基本上我想使用非阿爾法和我commonWords的陣列作爲分隔符,用於提取短語。以上會產生財產以後這樣的:

'met, where, to eat, the best, cheese pizza' 
+0

的反應應該是:''滿足,其中,吃,最好,奶酪pizza''。 「喜歡」位於commonWords列表中。 – 2010-06-29 10:59:45

+0

謝謝!如此真實。 – 2010-06-29 21:19:16

回答

1

從OP:

「基本上,我想用非阿爾法我commonWords的陣列作爲分隔符,用於提取短語。」

這樣做(不像其他一些答案;-))。
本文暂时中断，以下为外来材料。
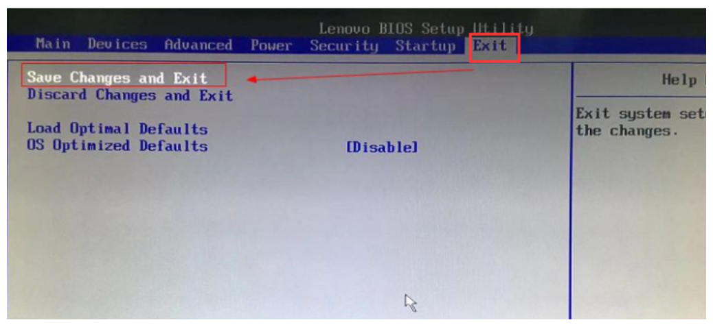 6.切換到exit界面,選擇save changes and exit項,或者按F10進行保存退出。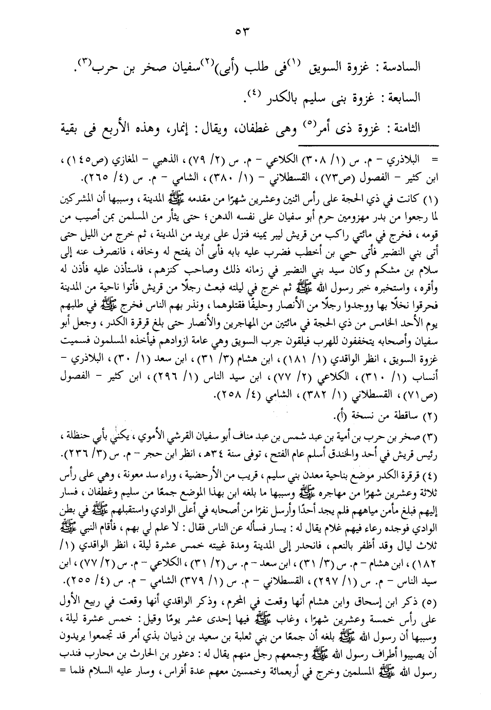 السَّادِسَة غَزْوَة السويق فِي طلب أبي سُفْيَان صَخْر بن حَرْب

它返回一個字符串或一個數組。


這將返回:

"met, where, to eat, the best, cheese pizza, didn't, Mr, O'Leary" 

and 

["met", "where", "to eat", "the best", "cheese pizza", "didn't", "Mr", "O'Leary"] 
2

您正在尋找這樣的事情:

var commonWords=["she", "he", "him", "liked", "i", "a", "an", "are"]; 
var regstr = "\\b(" + commonWords.join("|") + ")\\b"; 
//regex is \b(she|he|him|liked|i|a|an|are)\b 
var regex = new RegExp(regstr, "ig"); 
var str = 'She met him where he liked to eat "the best" cheese pizza.'; 
console.log(str.replace(regex, "")); 

輸出

met where to eat "the best" cheese pizza. 

split版本:

var commonWords=["she", "he", "him", "liked", "i", "a", "an", "are"]; 
var regstr = "\\b(?:" + commonWords.join("|") + ")\\b"; 
var regex = new RegExp(regstr, "ig"); 
var str = 'She met him where he liked to eat "the best" cheese pizza.'; 
var arr = str.split(regex); 
console.log(arr);// ["", " met ", " where ", " ", " to eat "the best" cheese pizza."] 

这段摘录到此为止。